▶ Required work
Print only the lines below from the one with "Baby shower thank" to the one with "A bright, strapless", both included, exactly as they stand. Leave pictures out.

▶ Data records

══════════════════════════════

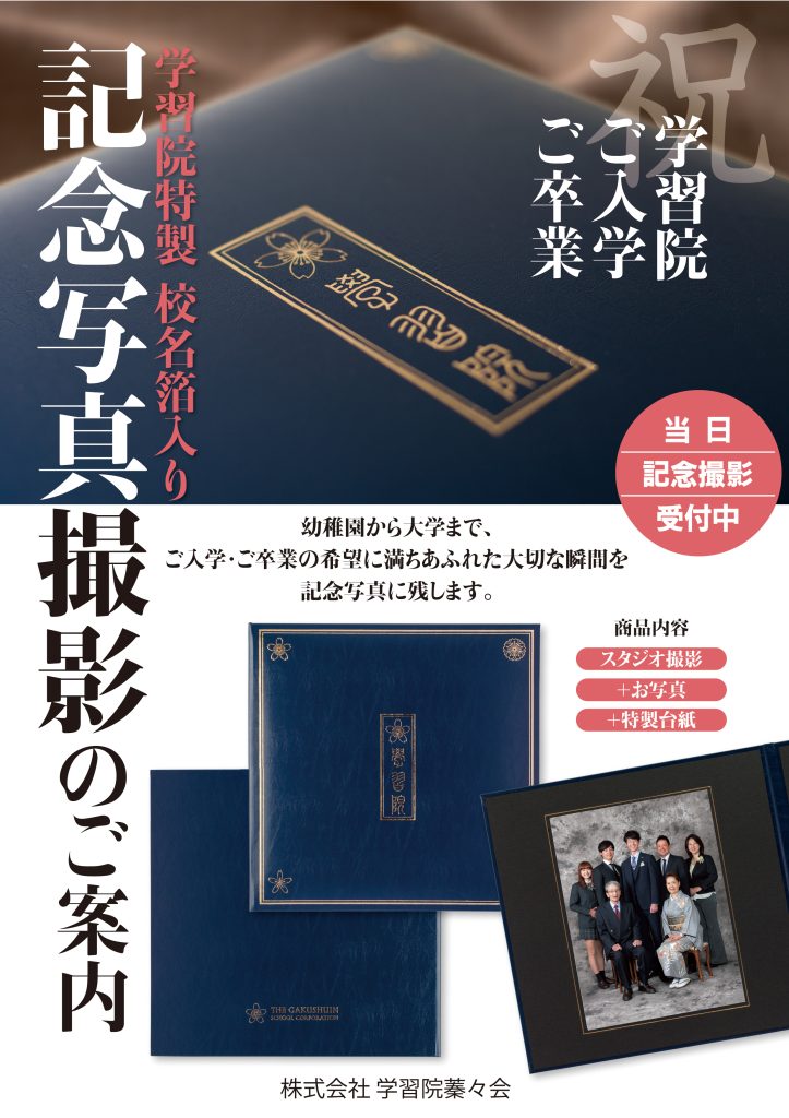 式典当日同様に『学習院校名入り特製アルバム台紙』でのお渡しが可能です。
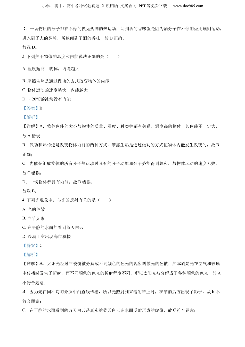 小学、初中、高中各种试卷真题知识归纳文案合同PPT等免费下载www.doc985.com2023年郴州市初中学业水平考试(试题卷)物理一、选择题(本题共13小题,每小题3分,共39分。每小题给出的选项中,只有一项符合题目要求。)1.下列说法正确的是()A.最早证明大气压强存在的实验是托里拆利实验B.绝缘体不易导电,是因为绝缘体内部没有电荷C.汽车发动机用水作冷却剂,是利用了水的比热容大的性质D.在流体中,流速越快的位置,压强越大【答案】C【解析】【详解】A.最早证明大气压强存在的实验是马德堡半球实验,托里拆利实验准确的测出了大气压的值,故A错误;B.绝缘体不易导电,不是因为绝缘体内部没有电荷,而是因为其内部没有可以自由移动的电荷,故B错误;C.水的比热容大,质量相同的水和其他物质相比,吸收或放出相同的热量,水的温度变化较小,所以汽车的发动机用水作冷却剂,故C正确;D.在流体流速越快的位置,压强越小,故D错误。故选C。2.“山水福地,遇见郴州”,这是郴州旅发大会的主题。在宣传视频中,大力推介了郴州各地的美食、美景……以下说法正确的是()A.“苏仙岭的钟声”——钟声是由空气的振动而产生的B.“莽山的云海”——云的形成属于汽化现象C.“北湖公园的灯光”——其中的黄光是色光的三原色之一D.“嘉禾的倒缸酒”——酒香说明分子在不停地做无规则运动【答案】D【解析】【详解】A.钟声是由钟振动产生的,故A错误;B.云是空气中的水蒸气遇冷液化而成的小水滴,故B错误;C.红、绿、蓝是色光的三原色,故C错误;小学、初中、高中各种试卷真题知识归纳文案合同PPT等免费下载www.doc985.comD.一切物质的分子都在不停的做无规则的热运动,闻到酒的香味就是因为酒分子在不停的做无规则运动,进入到了人的鼻腔,所以闻到了酒的香味,故D正确。故选D。3.下列关于物体的温度和内能说法正确的是()A.温度越高的物体,内能越大B.摩擦生热是通过做功的方式改变物体的内能C.物体运动的速度越快,内能越大D.﹣20℃的冰块没有内能【答案】B【解析】【详解】A.物体内能的大小与物体的质量、温度、种类等都有关系,温度高的物体,其内能不一定大,故A错误;B.做功和热传递是改变物体内能的两种方式,摩擦生热是通过做功的方式使物体内能发生改变的,故B正确;C.内能是组成物体的所有分子热运动时具有的分子动能和分子势能得到总和,与物体运动的速度无关,故C错误;D.一切物体都具有内能,故D错误。故选B。4.下列光现象中,与光的反射有关的是()A.光的色散B.立竿见影C.在平静的水面能看到蓝天白云D.沙漠上空出现海市蜃楼【答案】C【解析】【详解】A.太阳光经过三棱镜被分解成不同颜色的色光的现象叫做光的色散,其本质是光在空气和玻璃中传播时发生了折射,而不同颜色的色光的折射程度不同,所以太阳光被分解成了各种颜色的色光,故A不符合题意;B.因为光在同种均匀介质中沿直线传播,所以光照射到立着的竿上时,在竿的后方出现了影子,故B不符合题意;C.在平静的水面看到的蓝天白云是真实的蓝天白云在水面反射形成的虚像,故C符合题意;小学、初中、高中各种试卷真题知识归纳文案合同PPT等免费下载www.doc985.comD.沙漠上空出现海市蜃楼是光在不均匀的空气中传播时发生折射形成的虚像,故D不符合题意。故选C。5.中国的航天航空技术处于世界领先水平。2023年5月30日,神舟16号飞船成功发射,并与天宫1号目标飞行器成功交会对接。以下说法正确的是()A.火箭升空时,它所受的推力和重力是一对平衡力B.成功对接后,以天宫1号为参照物,飞船是静止的C.火箭的发动机是将机械能转化为内能的机器D.字航员与地面工作人员是利用超声波进行通信的【答案】B【解析】【详解】A.火箭升空时做加速运动,不是平衡状态,则火箭所受重力和推力不是平衡力,故A错误;B.成功对接后,以天宫1号为参照物,飞船的位置没有发生改变,飞船是静止的,故B正确;C.火箭的发动机是将内能转化为机械能的机器,故C错误;D.真空不能传声,电磁波可以在真空中传播,字航员与地面工作人员是利用电磁波进行通信的,故D错误。故选B。6.下列测量工具读数正确的是()A.物体的长度:2.70cmB.温...
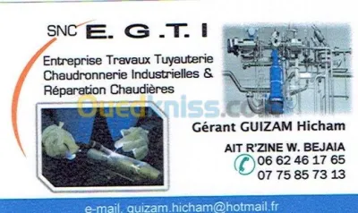 Salam alikom Nous somme une Entreprise industriel spécialisée au Calorifuge et chaudronnerie *Protection de la tuyauterie industriel chaude et froide. *Soudeur tig inox
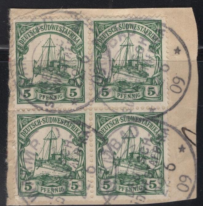 German South West Africa Scott#: 27 BLOCK OF ON PIECE FR158 cancel WARMBAD F/VF quantity
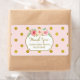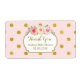 Baby shower thank you favour labels in light blush pink and gold polka dots pattern with pretty pink watercolor flowers and gold details.
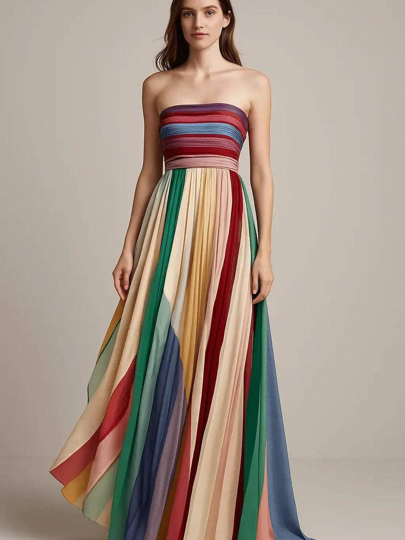 A bright, strapless rainbow maxi dress designed for sun-soaked celebrations and summer nights.
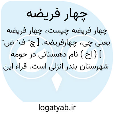 چهارفریضه. [ چ َ ف َ ض َ ] ( اِخ ) نام دهستانی در حومه شهرستان بندر انزلی است. قراء این دهستان در حومه بندر انزلی تا شعاع 6 فرسخ واقع است و از 22 آبادی بزرگ و کوچک تشکیل شده است. جمعیت آنها روی هم رفته در حدود 16هزار نفر میباشد و قراء مهم آن به شرح زیر است: آبکنار، کپورچال، سنگاچین، خمیران، کلور و بشمن. ( از فرهنگ جغرافیایی ایران ج 2 ).
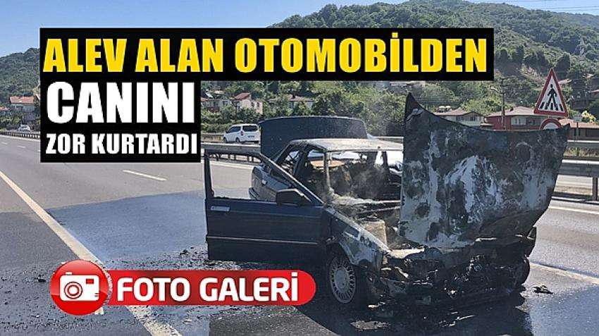 Zonguldak'ın Alaplı ilçesinde önünde seyreden aracın ani fren yapması sonrası arkasından seyreden araç hızını alamayınca kaza yaşandı. Kazada araç alev aldı. Sürücü son anda araçtan inerek yara olaydan yara almadan kurtuldu.
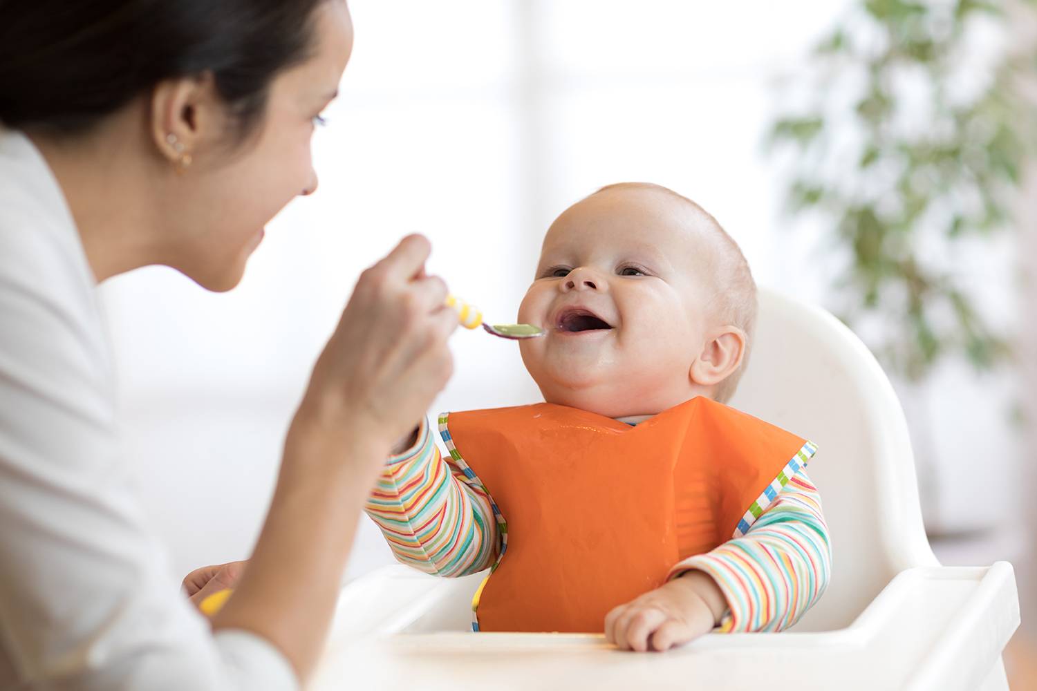 Постепенно продукты будут замещать грудное вскармливание, но оно может продолжаться в течение всего первого года жизни или дольше — пока ребенок сам не откажется от груди

══════════════════════════════

▶ Final answer
 Baby shower thank you favour labels in light blush pink and gold polka dots pattern with pretty pink watercolor flowers and gold details.
 A bright, strapless rainbow maxi dress designed for sun-soaked celebrations and summer nights.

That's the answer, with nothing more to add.